▸ **Supplied material**:

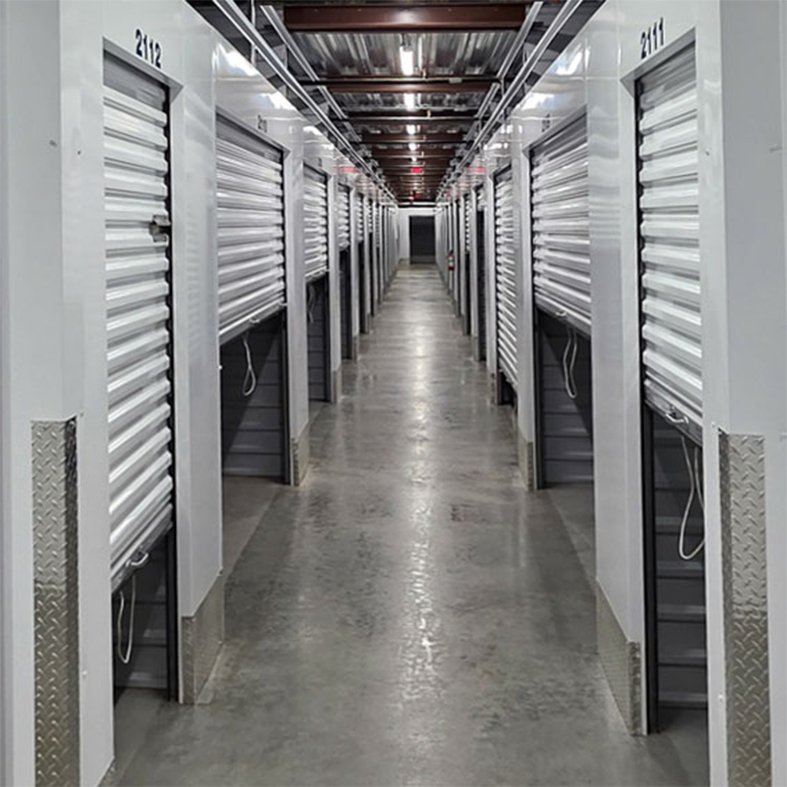 وحدة تخزين متوسطة الحجم (شبيهة بغرفة) داخل المستودع، يمكن إغلاقها بقفل خاص بالعميل.
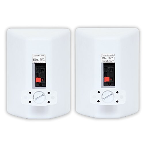 -. Feature : Acoustic Audio 151W indoor or outdoor white weather resistant speakers, recommended power is 20-600 watts per pair, frequency response is 37Hz-20 kHz, efficiency is 98dB, 8ohm / 4" silver CD woofers with butyl rubber surrounds, .5" ferro fluid cooled mylar dome tweeters, weather resistant design, mounting brackets and hardware included / Quick release sP.R.Ing loaded wire terminals, heavy duty ABS construction sealed cabinets, each speaker size (HxWxD) is 7.5"x5.5"x5", designed and engineered in the USA, full instructions included / Use for surround sound, home theater, multiple room systems, industrial sound, bookshelf, bathrooms, kitchens, car audio, marine audio, pools, spas, yards, decks / This listing and P.R.Ice is for 2 pair / 4 indoor or outdoor speakers
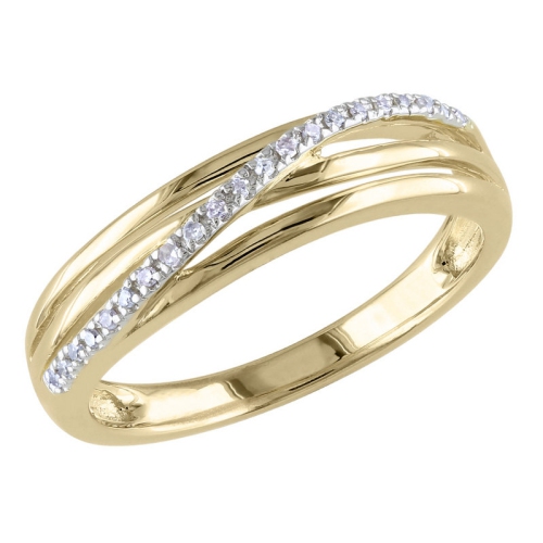 A classic band featuring sparkling accent diamonds along the top all crafted in yellow plated sterling silver. This simple and elegant crossover ring has 0.06 carats (ctw) of accent diamonds.
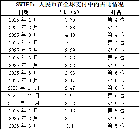 SWIFT:2026年3月人民币在全球支付中占比3.1%
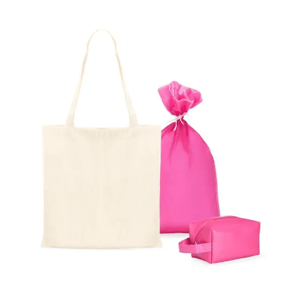 Kit sacola e necessaire. Composto por sacola de algodão com alças de 60cm e necessaire com alça em material sintético na cor rosa.
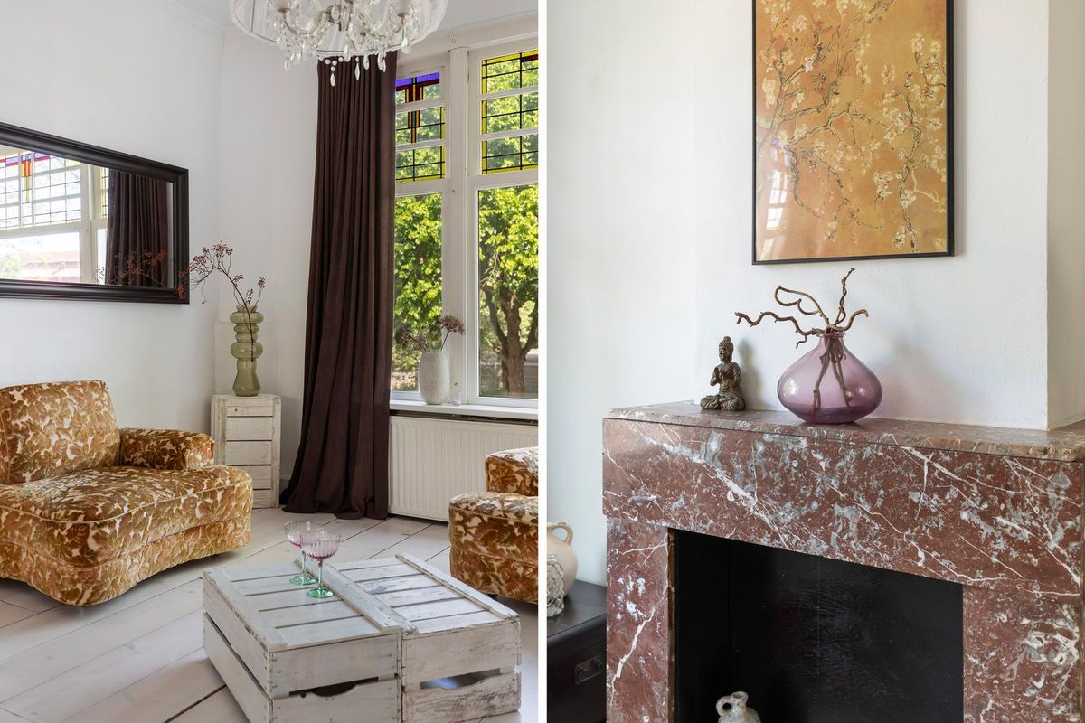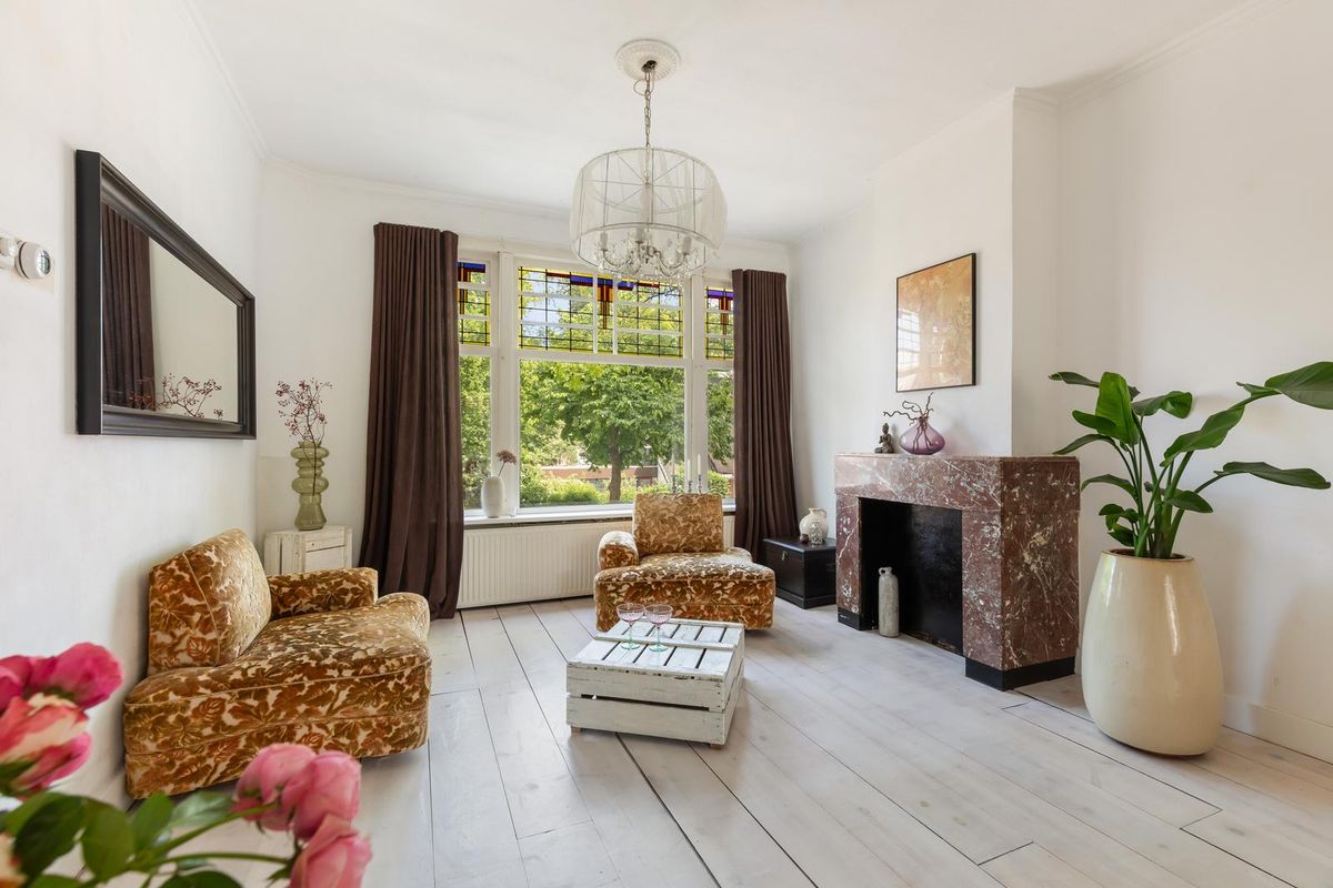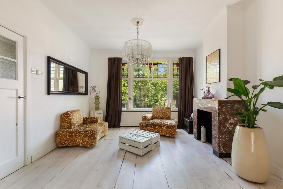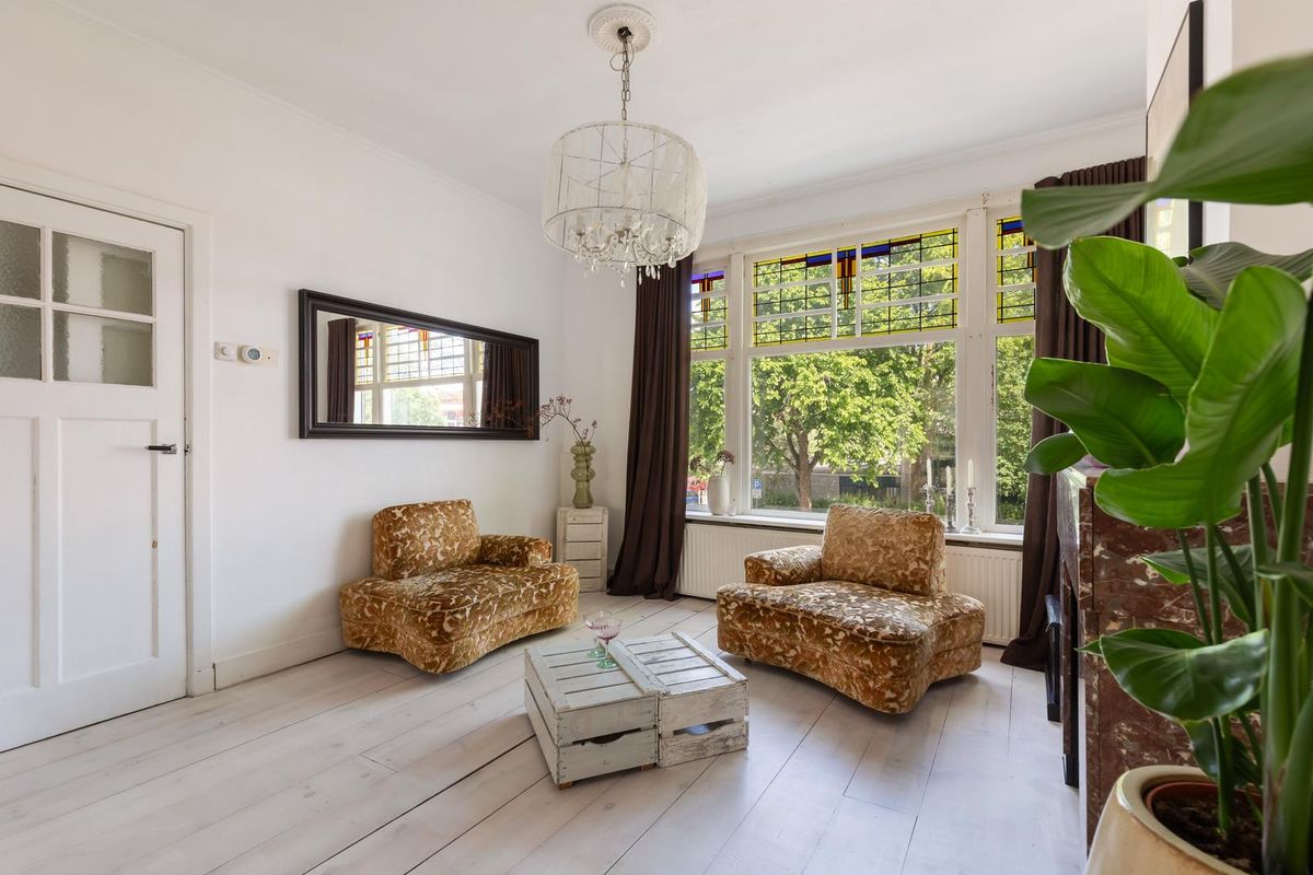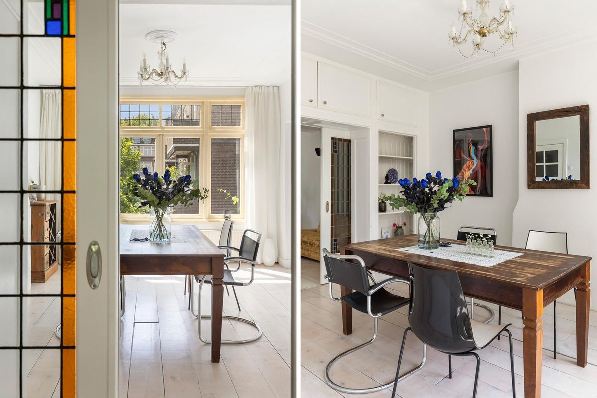 Ruime hal/entree met vaste kast (met wasmachine-aansluiting), separaat toilet en toegang tot alle vertrekken op deze verdieping. Direct valt het oog op de karakteristieke ornamenten, paneeldeuren, schouw en de glas-in-lood ramen & schuifdeuren uit de jaren ’30. Door de grote raampartijen aan beide zijde van de woning treedt er veel natuurlijk licht de woning binnen, wat zorgt voor een fijne, lichte sfeer. De royale woonkamer en suite is erg ruim te noemen en is gelegen aan de voorzijde van de woning. Er is meer dan voldoende ruimte om een riante zitgedeelte te creëren. Middels de karakteristieke en-suite schuifdeuren bereik je het eetgedeelte. Dankzij de half open keuken is dit de ideale plek om uitgebreid te dineren met gezelschap, terwijl je gezellig in contact blijft met elkaar. De keuken beschikt over diverse inbouwapparatuur zoals een 4-pits gasfornuis met afzuigkap, oven, vaatwasser en een koel-/vriescombinatie. Middels een deur gelegen in de keuken bereik je het 1e balkon gelegen op het zuidwesten. Hier kan je gedurende de dag heerlijk van de zon genieten! De 1e slaapkamer is gelegen aan de voorzijde. Deze slaapkamer is multifunctioneel in te richten als bijvoorbeeld een slaap-, kinder- of werkkamer.

▸ **The problem**:
Stop at the line containing "SWIFT:2026年3月人民币在全球支付中占比3.1%" and include it. Everything from the first line of the material up to there is to be repeated exactly, leaving out pictures.

▸ **Response area**:
 وحدة تخزين متوسطة الحجم (شبيهة بغرفة) داخل المستودع، يمكن إغلاقها بقفل خاص بالعميل.
 -. Feature : Acoustic Audio 151W indoor or outdoor white weather resistant speakers, recommended power is 20-600 watts per pair, frequency response is 37Hz-20 kHz, efficiency is 98dB, 8ohm / 4" silver CD woofers with butyl rubber surrounds, .5" ferro fluid cooled mylar dome tweeters, weather resistant design, mounting brackets and hardware included / Quick release sP.R.Ing loaded wire terminals, heavy duty ABS construction sealed cabinets, each speaker size (HxWxD) is 7.5"x5.5"x5", designed and engineered in the USA, full instructions included / Use for surround sound, home theater, multiple room systems, industrial sound, bookshelf, bathrooms, kitchens, car audio, marine audio, pools, spas, yards, decks / This listing and P.R.Ice is for 2 pair / 4 indoor or outdoor speakers
 A classic band featuring sparkling accent diamonds along the top all crafted in yellow plated sterling silver. This simple and elegant crossover ring has 0.06 carats (ctw) of accent diamonds.
 SWIFT:2026年3月人民币在全球支付中占比3.1%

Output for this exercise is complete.